YOUR GOAL: The records follow. Copy them exactly, but omit the pictures.

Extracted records
+++++

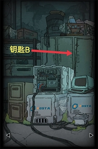 用锤子敲击右侧铁柜,使钥匙B和一块可拆的铁柜门板震落下来
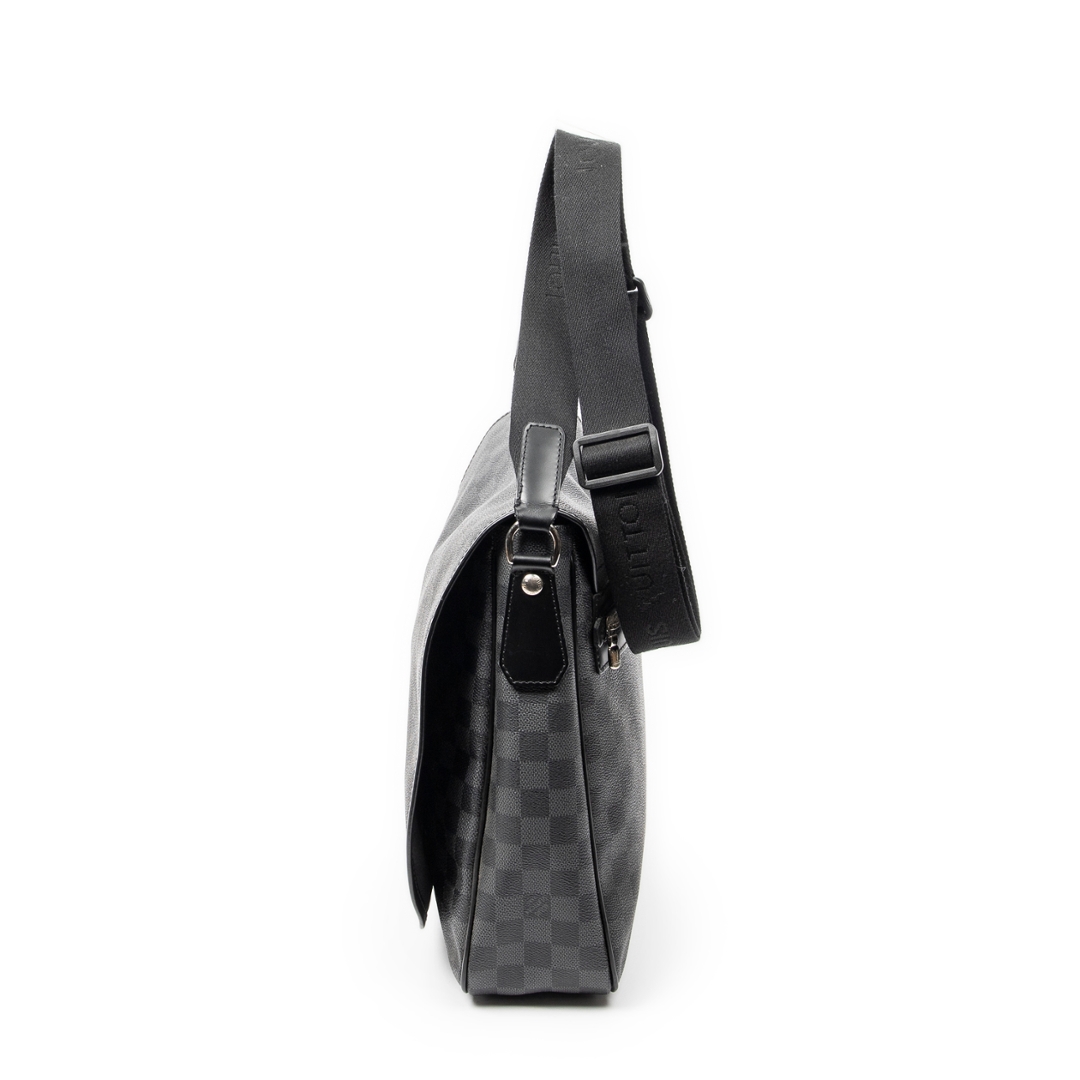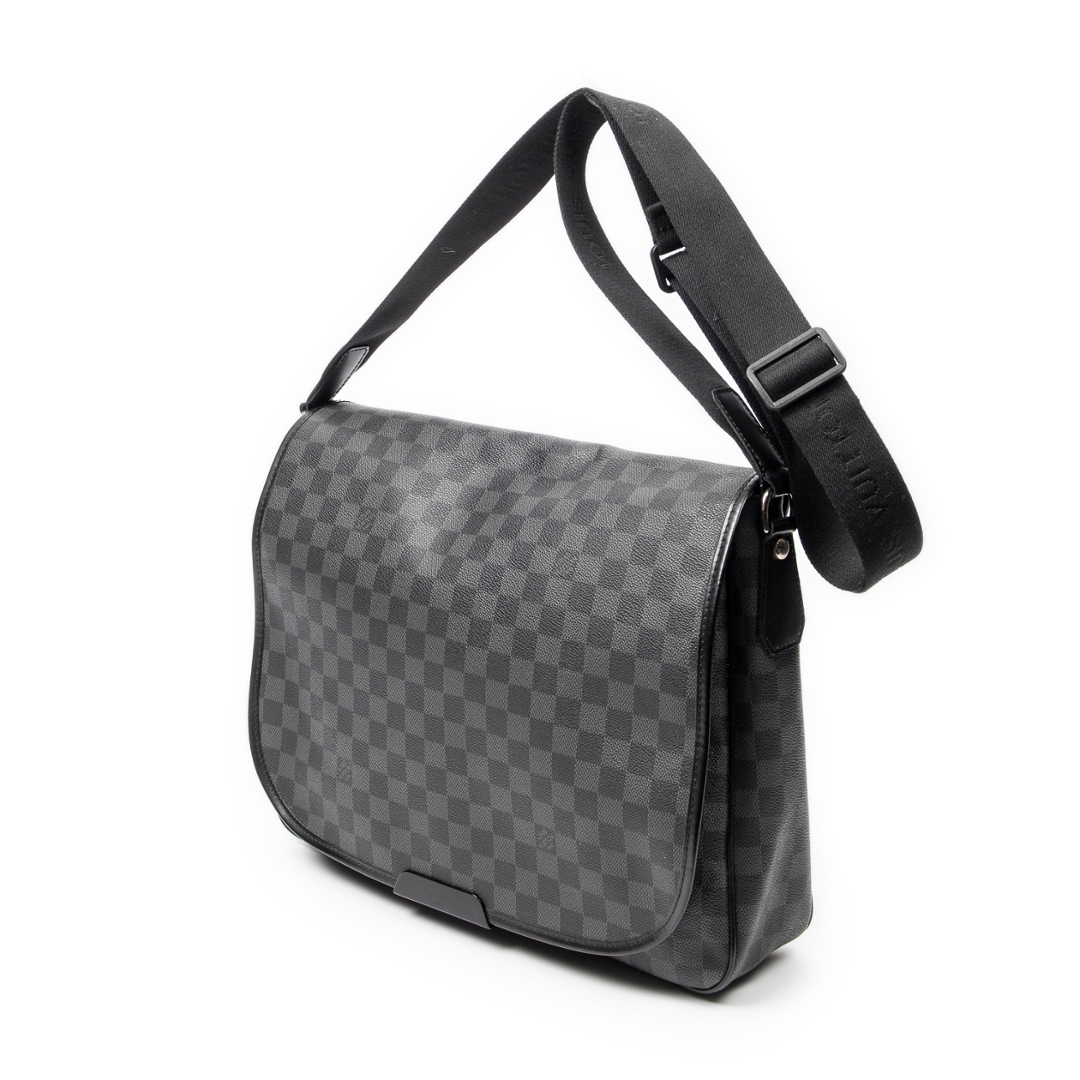 A vintage Louis Vuitton Daniel bag crafted from black and grey coated canvas in the signature Damier pattern, offering a sleek and contemporary take on classic Louis Vuitton design. The structured messenger silhouette is complemented by tonal leather trim and a wide adjustable strap, creating a refined yet practical everyday piece.
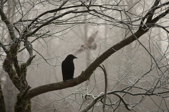 Ноябрьское тепло особого свойства. Недоверчиво-знобкое. Мглистое. В наплывах случайности и предчувствии резкого сворачивания. Тишь прошита неизменным вороньим оформлением, одинаковым на всём пространстве Евразии, от Лиссабона до Владивостока. Не всегда положительные герои фольклора удерживают пространство своей как бы немузыкальностью, напоминая – ноябрьское тепло особого свойства…
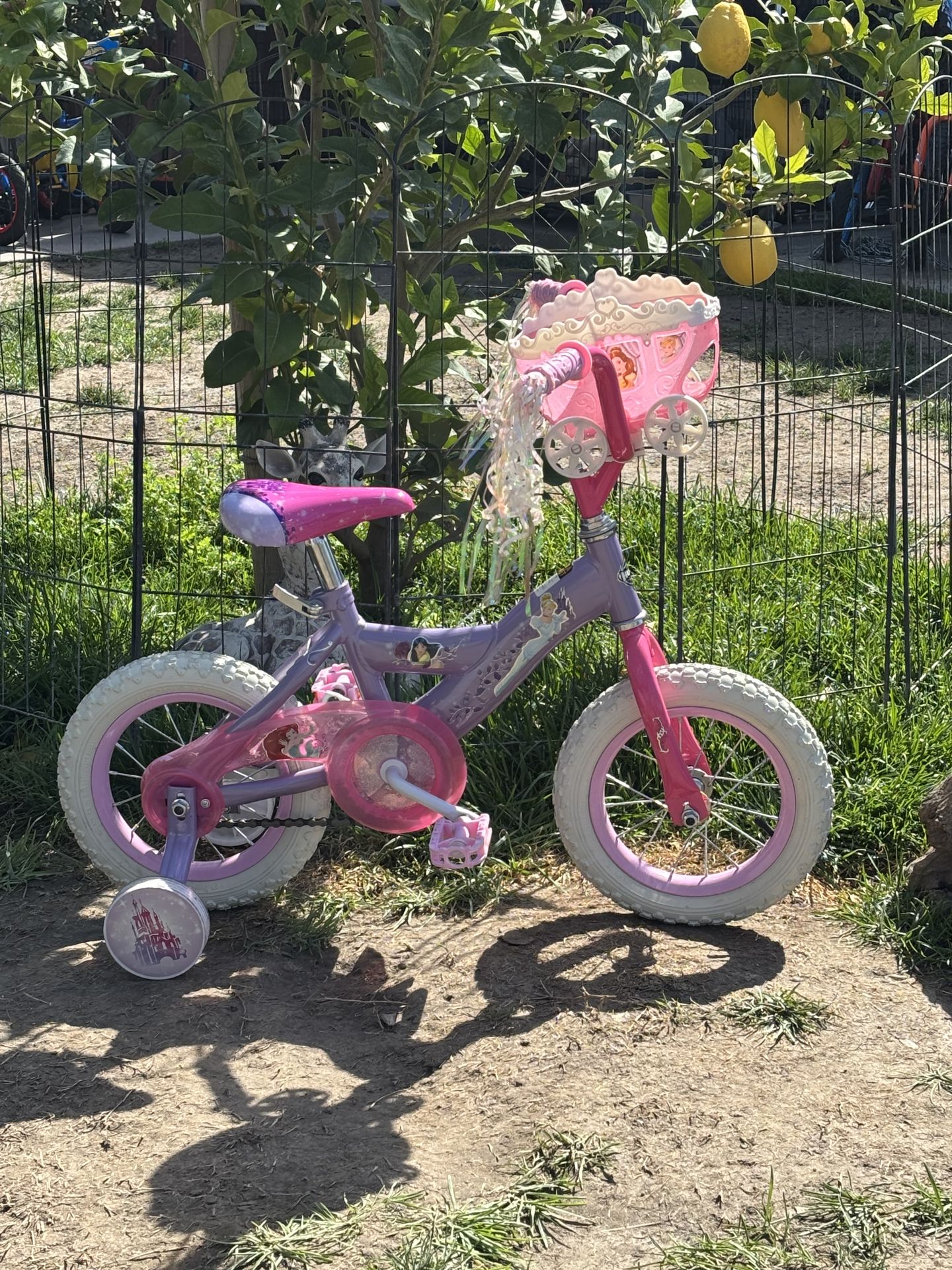 12 INCH TODDLERS GIRLS BIKE..HAS TRAINING WHEELS AND A BASKET..GREAT CONDITION..READY TO RIDE..DISNEY
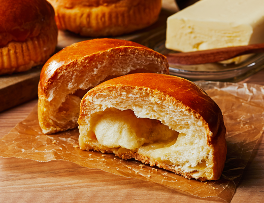 ザクザク食感のビスケット生地を敷いたメロンパン。塩味のあるバター入りクリームを染み込ませ、バターの味わい豊かなジュワッとした食感と、ザックリ食感が特徴。表面にはたまごを塗り、つや感のある新しい見た目のメロンパン。
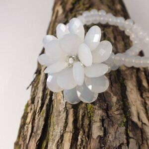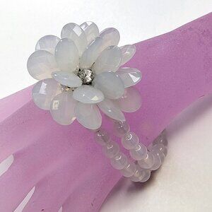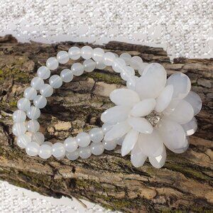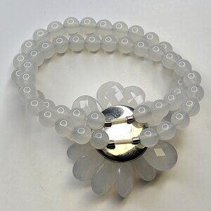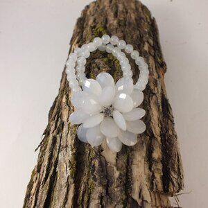 Two loosely layered bracelet with a large floral like centerpiece with a shiny rhinestone in the middle
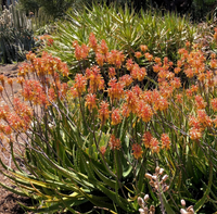 Nubian Aloe, Popcorn Aloe: Rare evergreen spreading aloe 2-3' tall, and at least as wide. Blooms coral flowers spring to summer. Great in containers. Full sun. Low water. Seacoast, wind, heat, clay, sand and drought tolerant. Deer, gopher, rabbit and fire resistant.
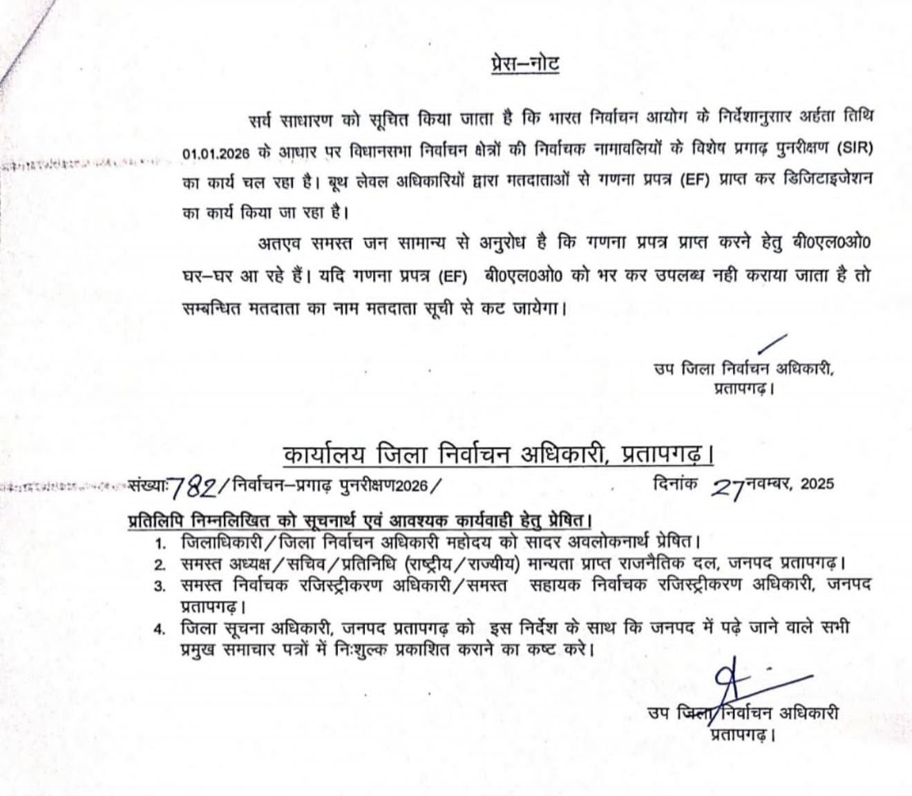 рд╕рд░реНрд╡ рд╕рд╛рдзрд╛рд░рдг рдХреЛ рд╕реВрдЪрд┐рдд рдХрд┐рдпрд╛ рдЬрд╛рддрд╛ рд╣реИ рдХрд┐ рднрд╛рд░рдд рдирд┐рд░реНрд╡рд╛рдЪрди рдЖрдпреЛрдЧ рдХреЗ рдирд┐рд░реНрджреЗрд╢рд╛рдиреБрд╕рд╛рд░ рдЕрд░реНрд╣рддрд╛ рддрд┐рдерд┐ 01.01.2026 рдХреЗ рдЖрдзрд╛рд░ рдкрд░ рд╡рд┐рдзрд╛рдирд╕рднрд╛ рдирд┐рд░реНрд╡рд╛рдЪрди рдХреНрд╖реЗрддреНрд░реЛрдВ рдХреА рдирд┐рд░реНрд╡рд╛рдЪрдХ рдирд╛рдорд╛рд╡рд▓рд┐рдпреЛрдВ рдХреЗ рд╡рд┐рд╢реЗрд╖ рдкреНрд░рдЧрд╛рдврд╝ рдкреБрдирд░реАрдХреНрд╖рдг (SIR) рдХрд╛ рдХрд╛рд░реНрдп рдЪрд▓ рд░рд╣рд╛ рд╣реИред рдмреВрде рд▓реЗрд╡рд▓ рдЕрдзрд┐рдХрд╛рд░рд┐рдпреЛрдВ рджреНрд╡рд╛рд░рд╛ рдорддрджрд╛рддрд╛рдУрдВ рд╕реЗ рдЧрдгрдирд╛ рдкреНрд░рдкрддреНрд░ (EF) рдкреНрд░рд╛рдкреНрдд рдХрд░ рдбрд┐рдЬрд┐рдЯрд╛рдЗрдЬреЗрд╢рди рдХрд╛ рдХрд╛рд░реНрдп рдХрд┐рдпрд╛ рдЬрд╛ рд░рд╣рд╛ рд╣реИред

+++++

SOLUTION TO THIS EXERCISE:
 用锤子敲击右侧铁柜,使钥匙B和一块可拆的铁柜门板震落下来
 A vintage Louis Vuitton Daniel bag crafted from black and grey coated canvas in the signature Damier pattern, offering a sleek and contemporary take on classic Louis Vuitton design. The structured messenger silhouette is complemented by tonal leather trim and a wide adjustable strap, creating a refined yet practical everyday piece.
 Ноябрьское тепло особого свойства. Недоверчиво-знобкое. Мглистое. В наплывах случайности и предчувствии резкого сворачивания. Тишь прошита неизменным вороньим оформлением, одинаковым на всём пространстве Евразии, от Лиссабона до Владивостока. Не всегда положительные герои фольклора удерживают пространство своей как бы немузыкальностью, напоминая – ноябрьское тепло особого свойства…
 12 INCH TODDLERS GIRLS BIKE..HAS TRAINING WHEELS AND A BASKET..GREAT CONDITION..READY TO RIDE..DISNEY
 ザクザク食感のビスケット生地を敷いたメロンパン。塩味のあるバター入りクリームを染み込ませ、バターの味わい豊かなジュワッとした食感と、ザックリ食感が特徴。表面にはたまごを塗り、つや感のある新しい見た目のメロンパン。
 Two loosely layered bracelet with a large floral like centerpiece with a shiny rhinestone in the middle
 Nubian Aloe, Popcorn Aloe: Rare evergreen spreading aloe 2-3' tall, and at least as wide. Blooms coral flowers spring to summer. Great in containers. Full sun. Low water. Seacoast, wind, heat, clay, sand and drought tolerant. Deer, gopher, rabbit and fire resistant.
 рд╕рд░реНрд╡ рд╕рд╛рдзрд╛рд░рдг рдХреЛ рд╕реВрдЪрд┐рдд рдХрд┐рдпрд╛ рдЬрд╛рддрд╛ рд╣реИ рдХрд┐ рднрд╛рд░рдд рдирд┐рд░реНрд╡рд╛рдЪрди рдЖрдпреЛрдЧ рдХреЗ рдирд┐рд░реНрджреЗрд╢рд╛рдиреБрд╕рд╛рд░ рдЕрд░реНрд╣рддрд╛ рддрд┐рдерд┐ 01.01.2026 рдХреЗ рдЖрдзрд╛рд░ рдкрд░ рд╡рд┐рдзрд╛рдирд╕рднрд╛ рдирд┐рд░реНрд╡рд╛рдЪрди рдХреНрд╖реЗрддреНрд░реЛрдВ рдХреА рдирд┐рд░реНрд╡рд╛рдЪрдХ рдирд╛рдорд╛рд╡рд▓рд┐рдпреЛрдВ рдХреЗ рд╡рд┐рд╢реЗрд╖ рдкреНрд░рдЧрд╛рдврд╝ рдкреБрдирд░реАрдХреНрд╖рдг (SIR) рдХрд╛ рдХрд╛рд░реНрдп рдЪрд▓ рд░рд╣рд╛ рд╣реИред рдмреВрде рд▓реЗрд╡рд▓ рдЕрдзрд┐рдХрд╛рд░рд┐рдпреЛрдВ рджреНрд╡рд╛рд░рд╛ рдорддрджрд╛рддрд╛рдУрдВ рд╕реЗ рдЧрдгрдирд╛ рдкреНрд░рдкрддреНрд░ (EF) рдкреНрд░рд╛рдкреНрдд рдХрд░ рдбрд┐рдЬрд┐рдЯрд╛рдЗрдЬреЗрд╢рди рдХрд╛ рдХрд╛рд░реНрдп рдХрд┐рдпрд╛ рдЬрд╛ рд░рд╣рд╛ рд╣реИред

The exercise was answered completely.